You should usually aim to get the battery with the highest mAh rating you can because it will last longer. This is why it is preferable to use a "large" type battery (generally between 1200mAH and 3000mAH) as opposed to a "small" type battery (generally 600 mAh). There will be no adverse side effects to using a battery with a higher capacity; it will simply last longer before it runs out of juice. A battery with a higher mAH rating will not damage a gun.

The capacity rating of milliAmp hours means that if you drew the rated amount of milliamps from the battery, that the battery will last for 1 hour before "dieing". For example, a 3000 mAH battery can deliver 3 amps (1 Amp = 1000 milliamps) for one hour continuously, 6 amps for 30 minutes, or 1.5 amps for 2 hours. A battery's rating is usually "\20H", meaning that the rating is for 20 hours. For example, a 3000 mAH battery is specified to deliver 150 mA for 20 hours. The batteries will have a slightly less capacity in an AEG application (where they will be providing a high current for a short time) since the higher load is more stressful for the batteries, but you can still compare mAH ratings between batteries.
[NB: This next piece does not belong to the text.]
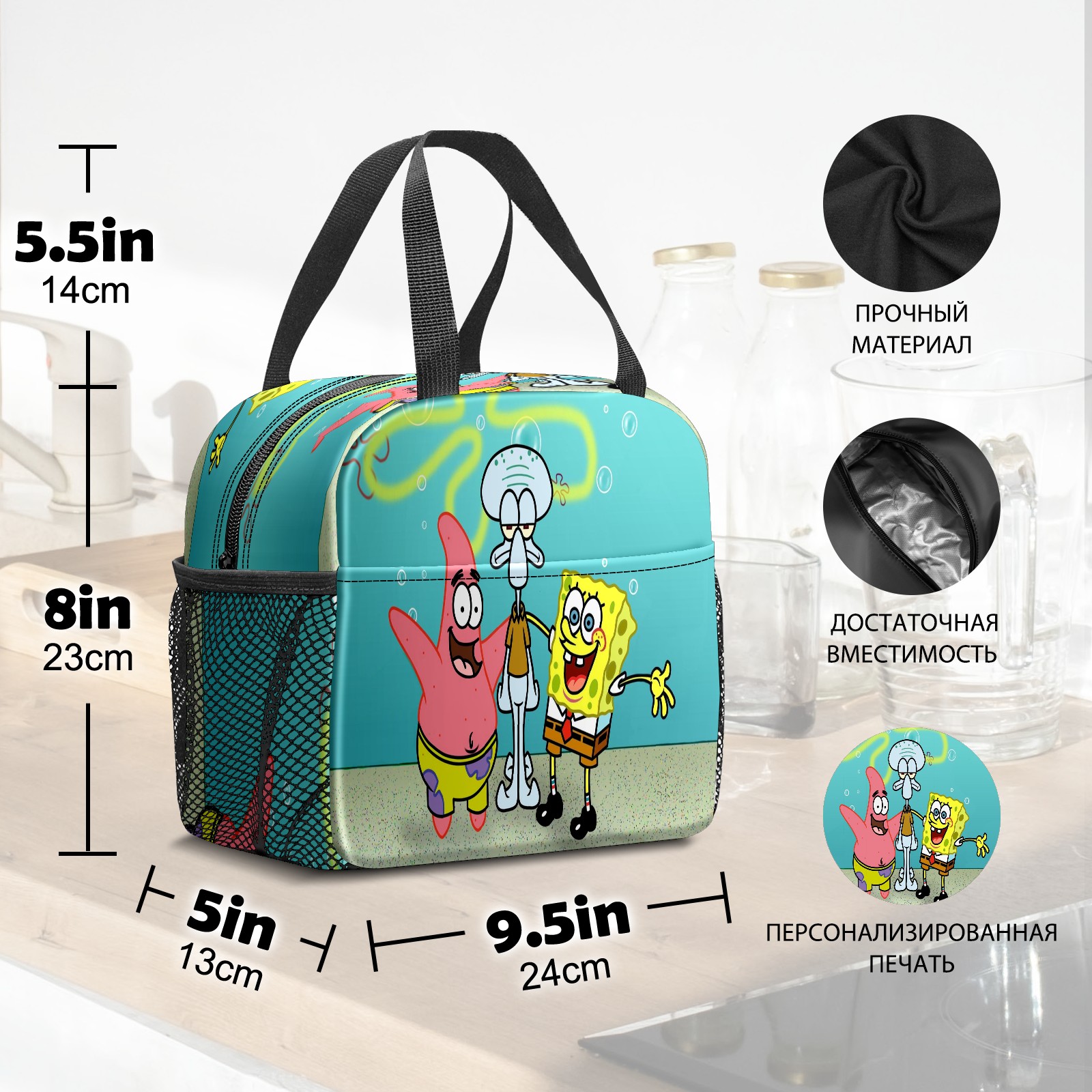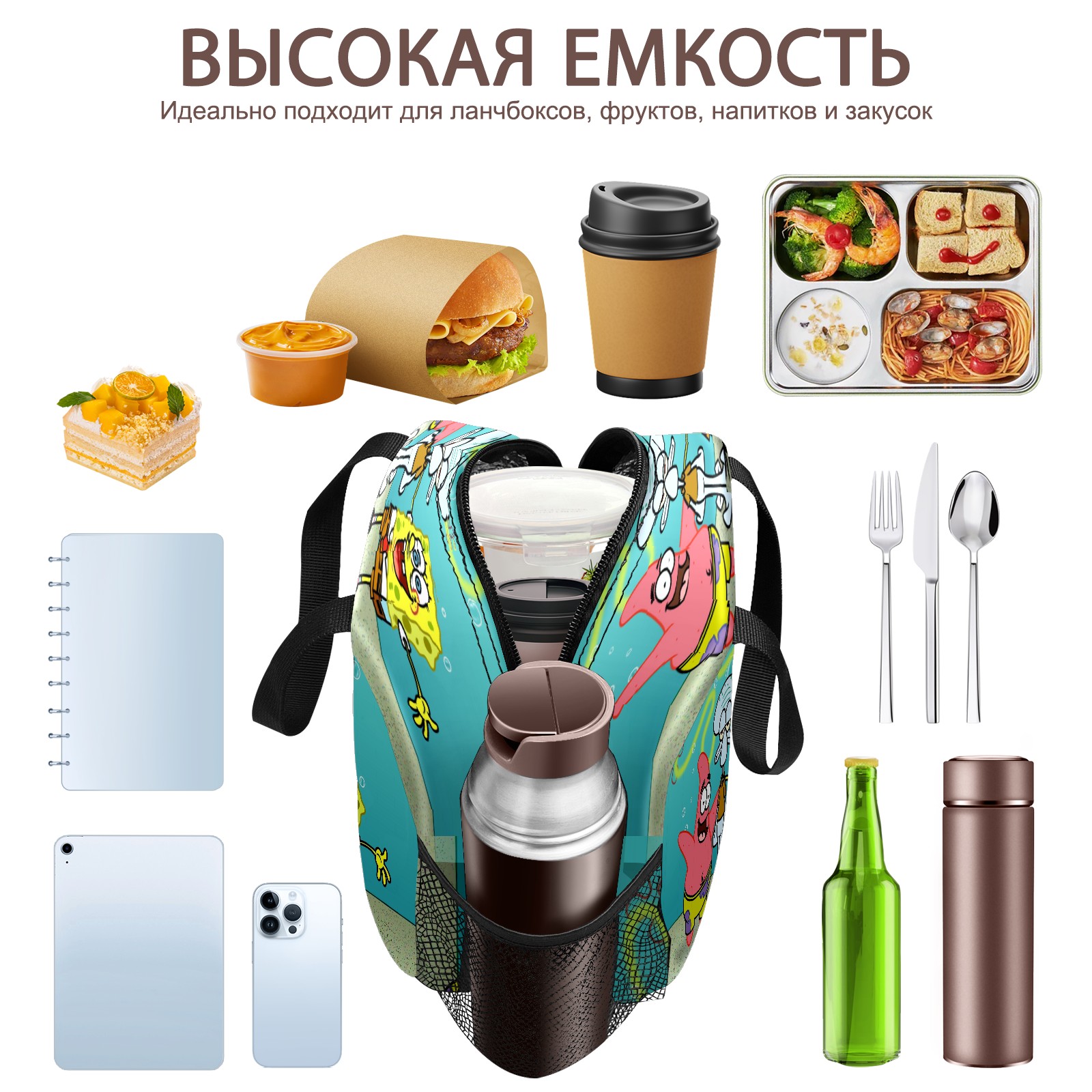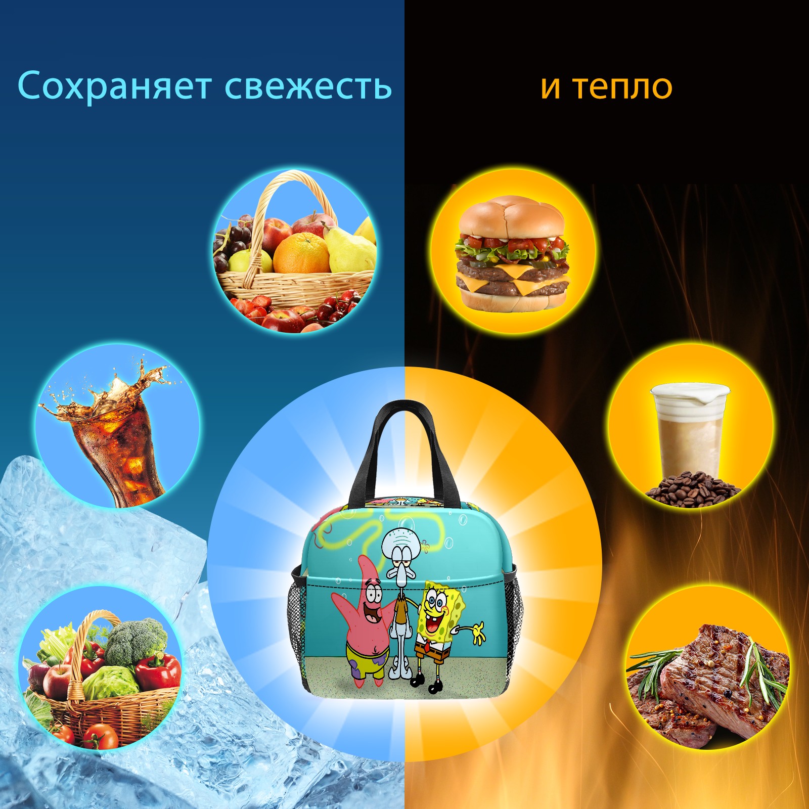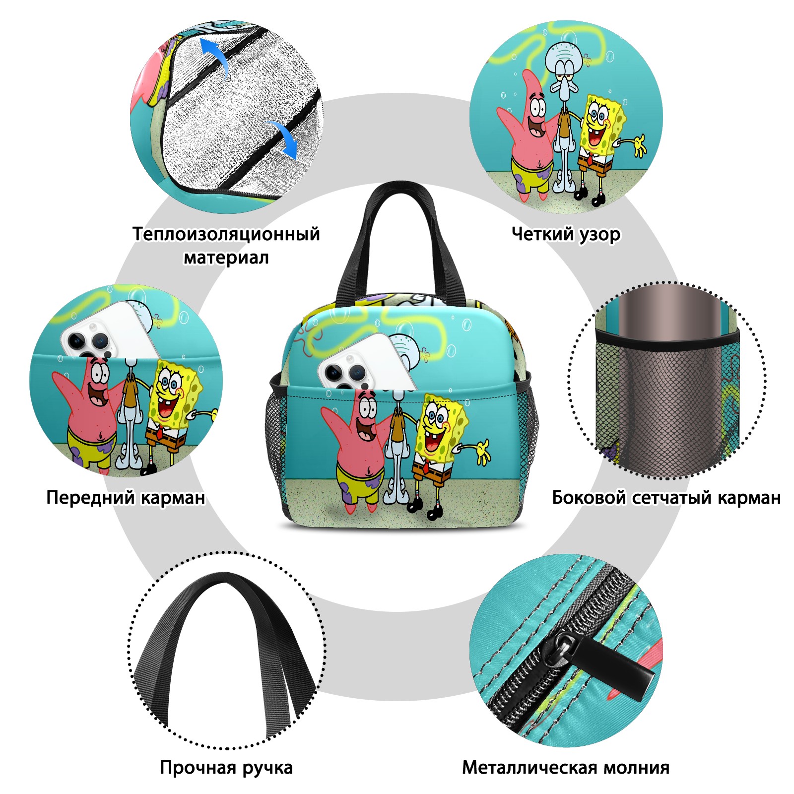 Lunch Bag,Lunch Box for Women Men,Happy Patrick Spongebob Squidward Water Bubble Reusable Insulated Lunch Tote,Small Leakproof Cute Lunch Cooler with High Capacity for Work,Picnic,Camping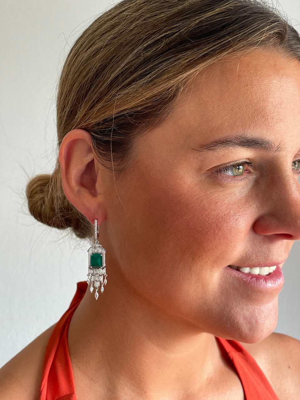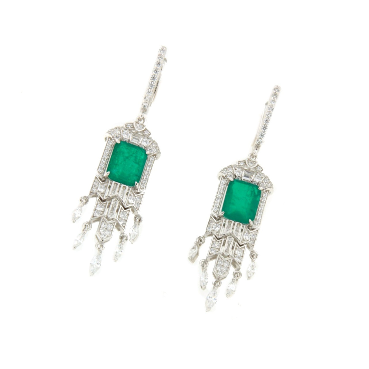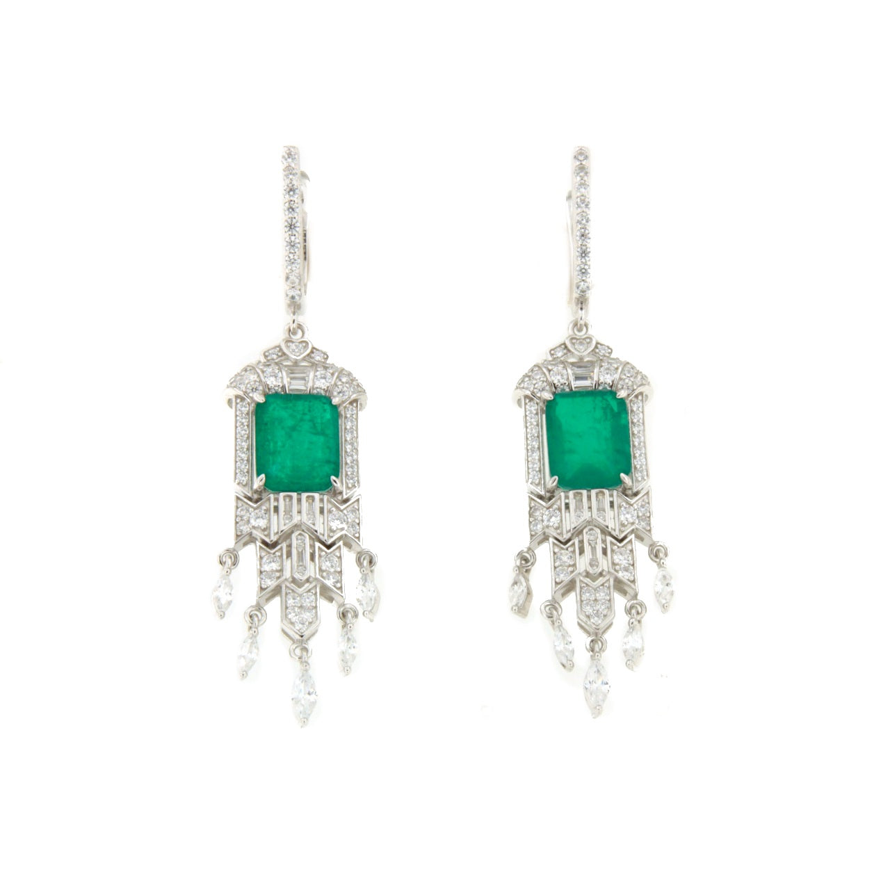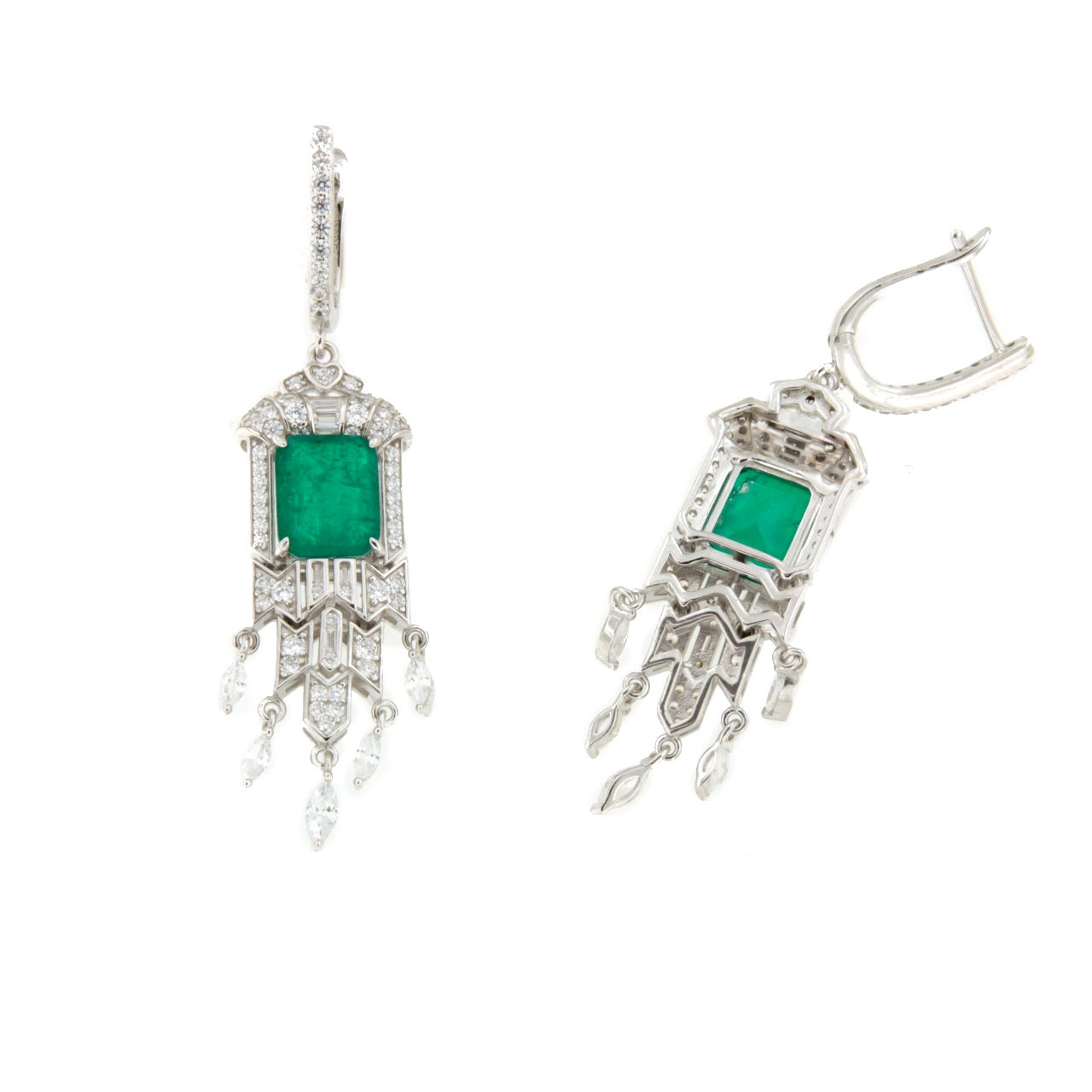 NIVEA, pendientes elegantes y sofisticados con mucho movimiento elaborados en plata de ley, con una imponente piedra central de cuarzo verde que imita el brillo profundo de la esmeralda. Su diseño elegante y refinado resalta la belleza de la piedra, aportando un toque de distinción a cualquier look.

The battery's voltage determines how much power the motor will have. Stock AEGs take an 8.4 volt battery. Upgraded AEGs sometimes need higher voltage battery packs, such as 9.6, 10.8, and the insane 12 volt pack. The higher voltage will make the motor turn faster (higher ROF) and/or harder (to drive those bigger springs). Please also note that a higher voltage battery will put much more stress on your motor and the mechbox internals. You can easily tell what voltage a battery has by counting the number of cells; each NiCd or NiMH cell is nominally 1.2 volts. A 10 cell pack has 12 volts. A 7 cell pack is a standard 8.4 volt pack. The power of the motor (measured in either watts(W) or Horsepower(HP), 746 W = 1 HP) is a function of the voltage it is being fed and the Current it is drawing. Watts equals Current (in Amps, 1000 Milliamps = 1 Amp) times voltage. Please note that the motor will draw more amps running at a higher voltage since it acts somewhat (not quite, but good enough for a simple comparison) like a resistor. The motor follows Ohm's law: Current(in amps) = Voltage divided by Resistance (in ohms). The resistance of the motor stays somewhat constant. So, the amount of current the motor draws will increase linearly with the voltage. Since the power of the motor is volts multiplied by current (which also increases with the voltage), the motor's power increases with the square of the voltage, while the current increases linearly with the voltage increase.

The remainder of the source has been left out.